Danes paid about $0.38 per kilowatt-hr for their electricity in 2008. This is extremely high, the highest in Europe. In contrasts Americans pay about $0.10 per kilowatt-hr and the French $0.17 per kilowatt-hr. The $0.38 per kilowatt-hr that Danes paid for electricity in 2008 was up from $0.32 per kilowatt-hr in 2006. Not only are Danes paying the highest price for electricity but that price is increasing faster than in most other countries.

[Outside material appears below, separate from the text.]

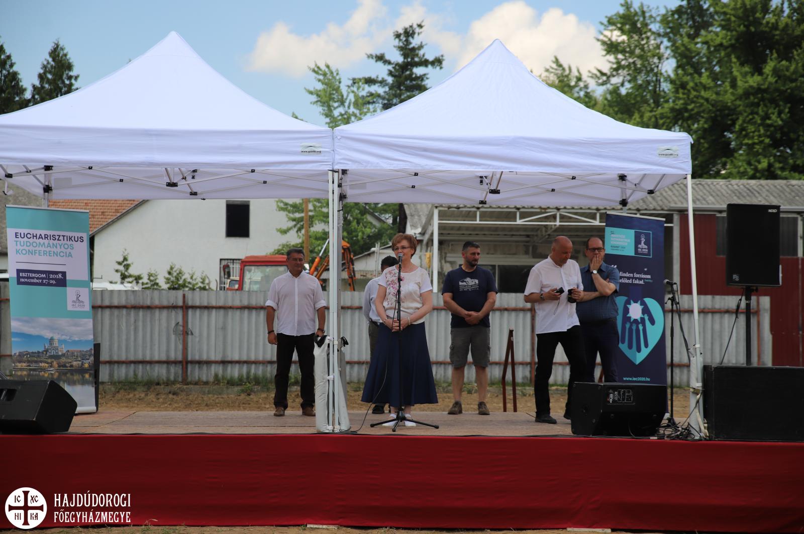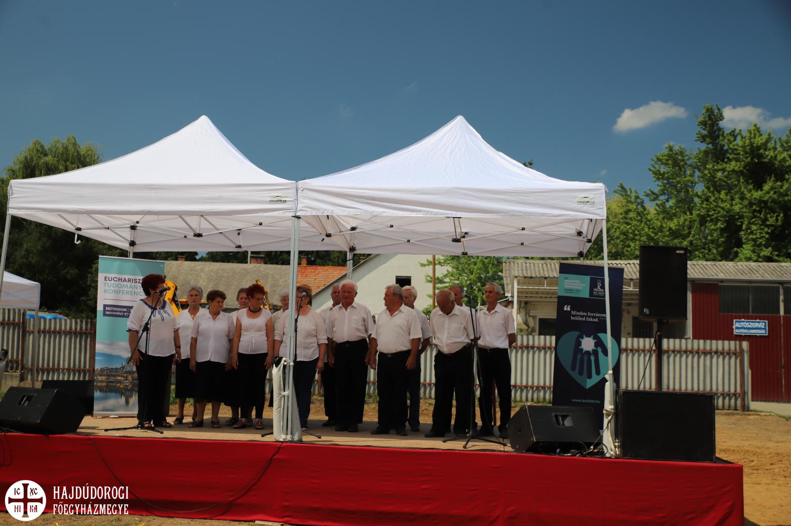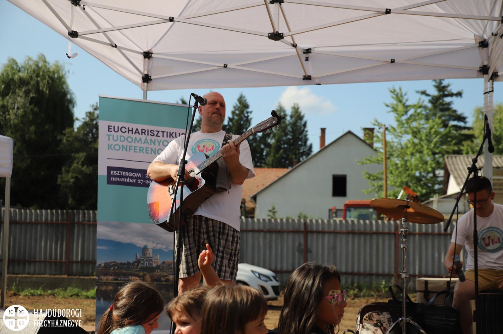 A korábbi családi összejövetelek (Család-csoda) hangulatát idéző együttlét volt Pünkösd szombatján a nyíradonyi görögkatolikus templom udvarán, kertjében. A házigazda egyházközség hívei lelkesedve készülődtek az eseményre, hogy megfelelő módon és körülmények között várják a hozzájuk érkezőket. Akik meghallották az egyházmegye hívó szavát és készültek, hogy jelen legyenek, azok részvételükkel és a jó hangulatot előidézve közösen teremtették meg ennek a délutánnak azt az örömét, amely mindig fontos a kapcsolatok területén. Legyen az jelen egy egyházközség életében, vagy az egyházmegye egész területén. Pünkösdi várakozásunk által a Lélek gyümölcseit is kértük mindehhez. A programok mellett szertartásaink tették teljessé ezt a találkozót.
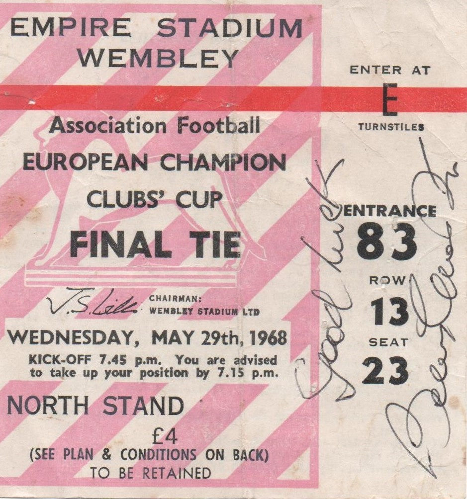 Celebrate a legendary moment in football history with this canvas shopper bag featuring the original match ticket design from the 1968 European Cup Final, where Manchester United faced Benfica at Wembley Stadium.

Danes are well aware that the wind power in Denmark is less than beneficial to them. One Dane remarked

Hver gang vingerne paa en moelle drejer rundt, tager
de 25 oere ud af en
skatteyders lomme.
Jo mere de koerer rundt, jo mere koster det skatteyderne.
 
(Every time the rotor of a Danish windmill turns
it costs the Danish taxpayers a nickel.)

However the Danes are not really subsidizing the electricity consumers in Germany, Norway and Sweden. The wind power electricity sells at a discount because it is intermittent and less dependable than power from generating plants fueled by fossil fuels or stream flow and because it cannot be stored. The Danes are really only subsidizing the wind power industry.

For material on the proper way to do an economic evaluation of windpower see Wind Power.

Source:

Robert Bryce, Power Hungry, Public Affairs, New York, 2010.